For information on the council’s agendas, video streams and news and information on how to provide testimony remotely, visit mauicounty.us. Meetings are also available on Akaku’s Channel 53, its Government & Public Affairs channel.
Telephone testimony is available at the Hana, Molokai and Lanai district council services offices and will continue to be available there, Lee said.
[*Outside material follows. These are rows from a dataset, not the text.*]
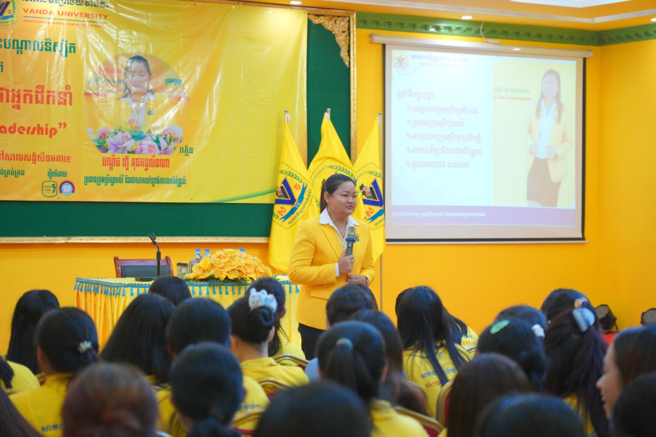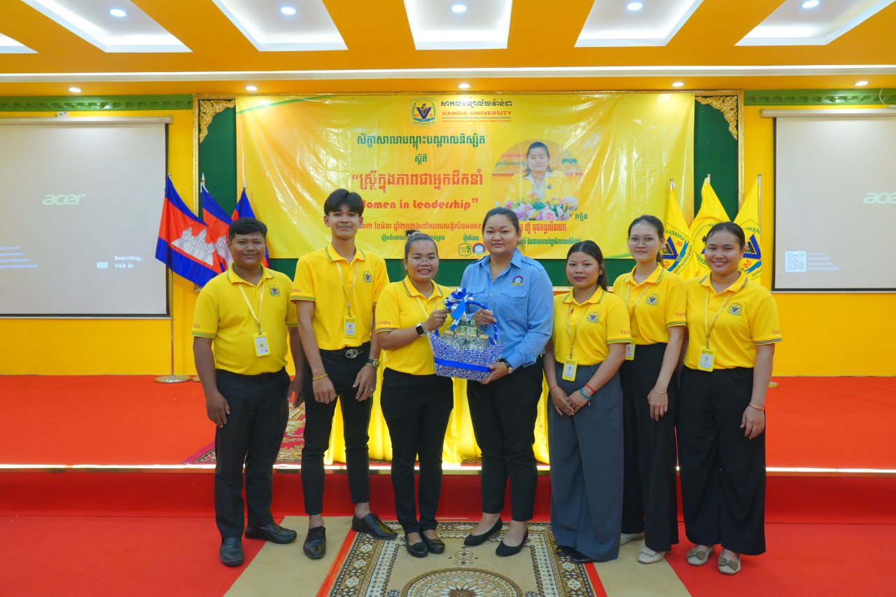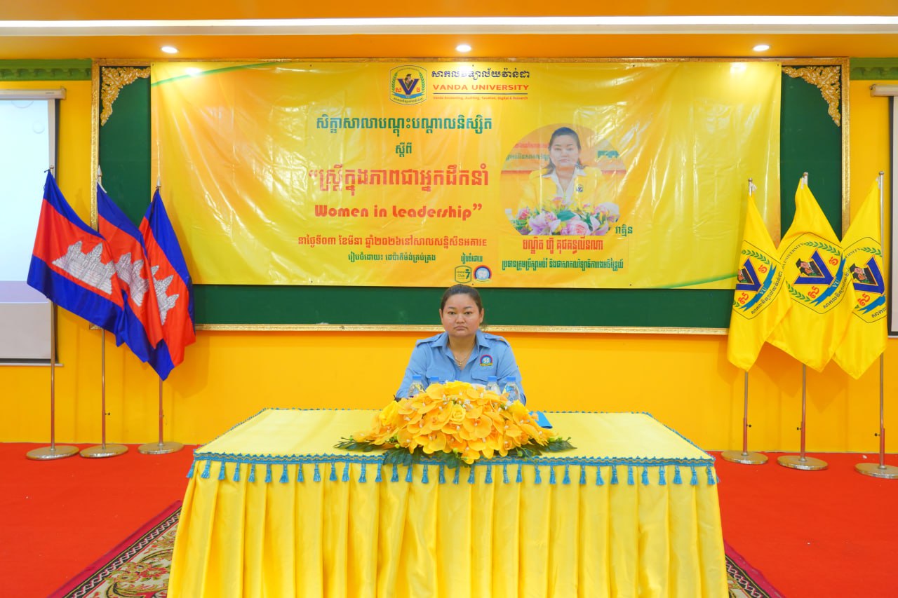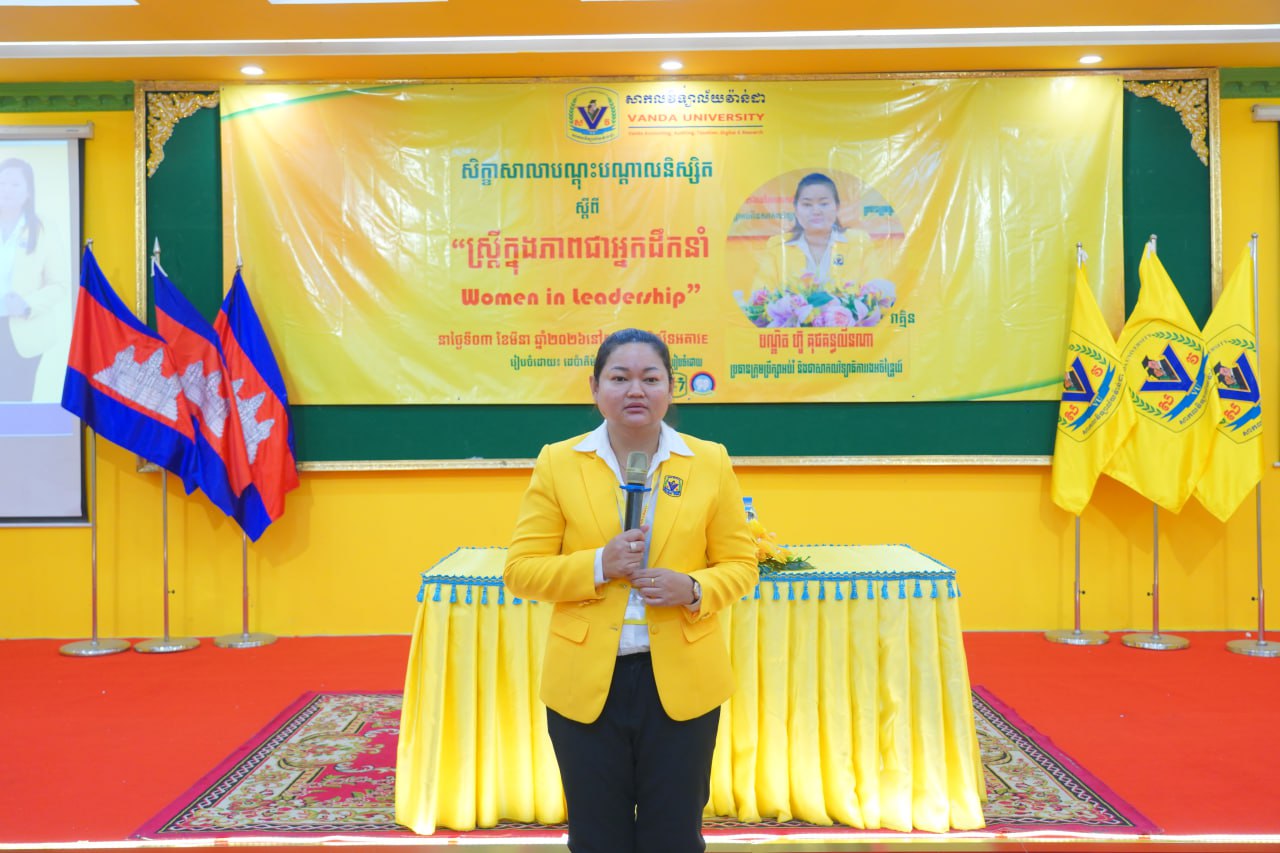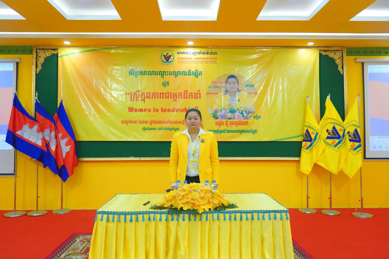 នាព្រឹកថ្ងៃទី០៣ ខែមីនា ឆ្នាំ២០២៦ ដេប៉ាម៉ង់គ្រប់គ្រងនៃមហាវិទ្យាល័យធុរកិច្ច បានរៀបចំសិក្ខាសាលាបណ្តុះបណ្តាលនិស្សិត ស្តីពី “ស្រ្តីក្នុងភាពជាអ្នកដឹកនាំ” វាគ្មិនកត្តិយស បណ្ឌិត ហ៊ូ គុជគន្ធលីនណា ប្រធានក្រុមប្រឹក្សាអប់រំ និងជាសាកលវិទ្យាធិការរងអចិន្រ្តៃយ៍ នៃសាកលវិទ្យាល័យវ៉ាន់ដា ដើម្បីបន្ថែមនូវជំនាញទន់ដល់និស្សិតក្នុងការរៀបចំខ្លួនដើម្បីក្លាយជាអ្នកដឹកនាំស្រ្តីនាថ្ងៃអនាគត។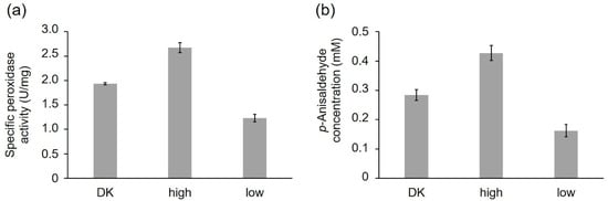 Comparison of the PsaPOX variants regarding their peroxidase and alkene cleavage activity. (a) Specific peroxidase activity. Values are the average of triplicate measurements using three independent replicates with standard deviations shown as error bars (b) p-Anisaldehyde concentration after bioconversion of trans-anethole (6.7 mM) using 0.25 mg/mL PsaPOX variant in the presence of 25 mM MnSO4, 100 µM H2O2, and 50 mM sodium acetate buffer pH 3.5 for 16 h at RT and 200 rpm. Values are the average of duplicate independent experiments with standard deviations shown as error bars. DK: PsaPOX_DK; high: PsaPOX_high; low: PsaPOX_low.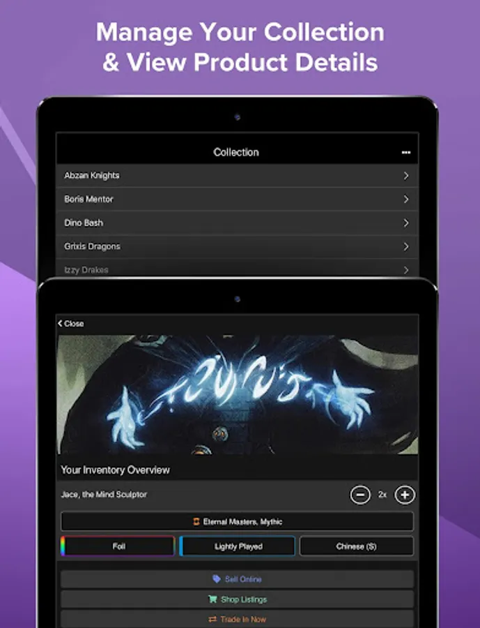 Manage Your Collection - Create new decklists or import lists you’ve saved from previous versions of the TCGplayer App. You can also rename or duplicate lists and share them with your friends via email or another app.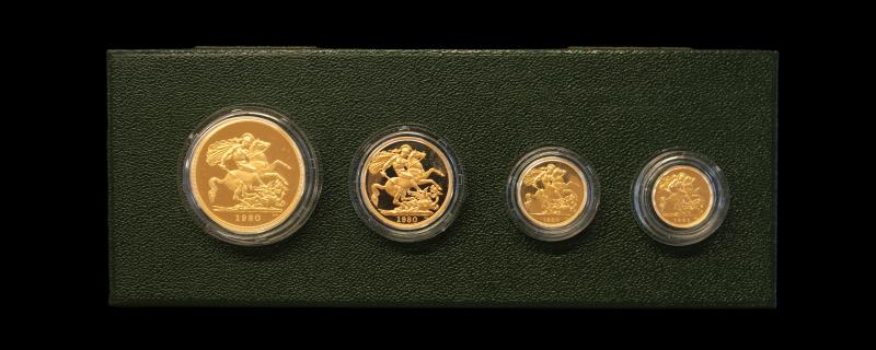 GOLD PROOF SET 1980, Five Pounds, Two Pounds, Sovereign & Half Sovereign, SPGSO1, each .917 gold, total 2 oz AGW, cased with cert. PROOF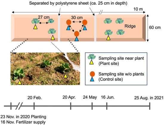 Experimental field sites and schedule of soil sampling. Cabbage was cultivated in the field in the campus of Toyohashi University of Technology from November 2020 to August 2021. The cultivated area was separated from the uncultivated area by a polystyrene sheet (approximately 25 cm in depth). Chemical fertilizer was only supplied to tilled soils prior to cultivation. Soils were isolated from the three sampling sites near the crops (plant sites) and three sampling sites in the unplanted area (control site) on the indicated dates (20 February, 20 April, 24 May, 16 June, and 25 August). The photo was taken on 20 April 2021.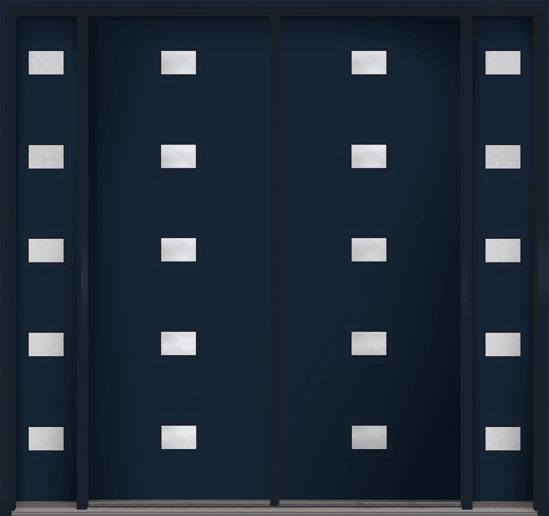 96" Rainglass Modern Pulse Echo 5-Lite Centered Smooth Fiberglass Double Door, Sidelites

That system has already been in place for several years.
Also postponed due to health concerns and travel limitations is a meeting on wildfire solutions that was scheduled from April 14 to 17 at the Royal Lahaina Resort.
A new meeting date will be announced when participation and travel are both safe and permitted by the participating agencies and entities, a news release said.
“Shared Solutions: A Combined Wildfire Meeting,” would have brought together the California, Nevada and Hawaii Forest Fire Council and Hawaii’s wildfire partners.
Organizers reminded participants to cancel their travel reservations, including hotel stays, which will be fully refunded if made at the Royal Lahaina, the news release said.
Those already registered will receive an email confirming the refund on their registration fee, if applicable.
On Wednesday, the state Department of Health also announced that it was temporarily suspending tours to Kalaupapa National Historical Park until April 11 to protect the vulnerable population of patients, mostly elderly survivors of Hansen’s disease.
Mortality rates among elderly COVID-19 patients have proven much higher than the general population, and the department has warned seniors, especially those with underlying health conditions, to take precautions and avoid nonessential travel, including cruises. Neighbor Island residents with appointments on Oahu should consult with their doctors, the department added. Seniors should avoid large crowds, wash their hands often and keep medications and groceries on hand.